La vida entre pinceladitas

El inicio fue una vuelta a los orígenes. Un acorde de guitarra en las manos de Diego Carrasco. Evocando sus inicios en lo jondo como tocaor para artistas tan distintos como La Periñaca o Morente. Ya entonces se podía intuir la variedad de sus intereses. A solas sobre la escena cantó Septiembre de Pedro ya que se trataba de desempolvar algunas de sus grandes creaciones. Y así, por la escena fueron pasando Pa mi Manuela, Alfileres de colores, Cinco toreros u Oliva y naranja, con el baile de Antonio Canales. Letras bellísimas firmadas por Carlos Lencero o Salvador Madariaga para melodías evanescentes creadas por el de Jerez. Un concepto lúdico de la existencia que se articula sobre el compás de doce tiempos, cantiña y bulería, y los tangos. Pero sobre todo la bulería, una forma de vida, de respirar, para este músico inclasificable, imprescindible. Uno de los grandes. La cosa gana enteros en la intimidad, cuando podemos emborracharnos con la dulce melancolía de sus melodías, con las formas onduladas de los poemas. Pero Carrasco es un ser eminentemente social y pronto por la escena empiezan a desfilar los invitados.
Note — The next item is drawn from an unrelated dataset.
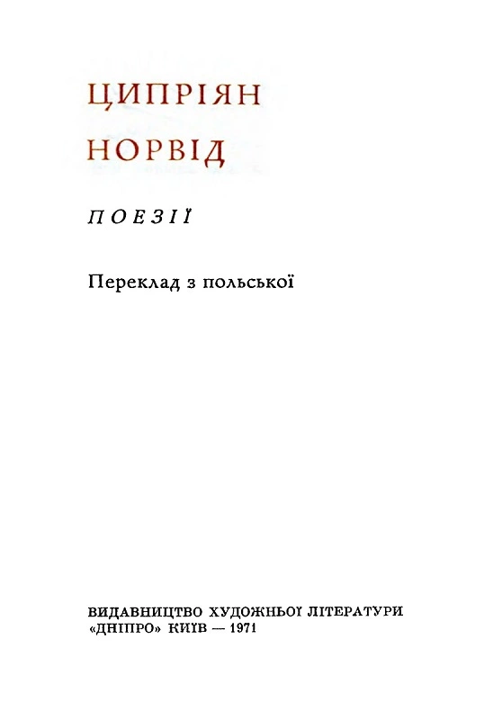 - Ципріян Норвід. Знов легенда (стихотворение, перевод М. Бажана), стр. 58-62

Deliciosa la Nana de colores en la voz de Remedios Amaya que nos devuelve el sentido original de la pieza. Muy emotiva la presencia de Alba Molina que evocó los haikus por bulerías de su padre. Conforme sube el ritmo y los decibelios se van perdiendo los matices. Y Carrasco es un artista de matices. De silencios. Pero la fiesta es impagable con el soniquete de Jerez, Lebrija, Utrera. Y Cádiz, en la voz del Selu y con el recuerdo de Camarón y La Perla. También Carmen Ledesma dio su pinceladita. Y así, entre pinceladitas, se nos va pasando la vida.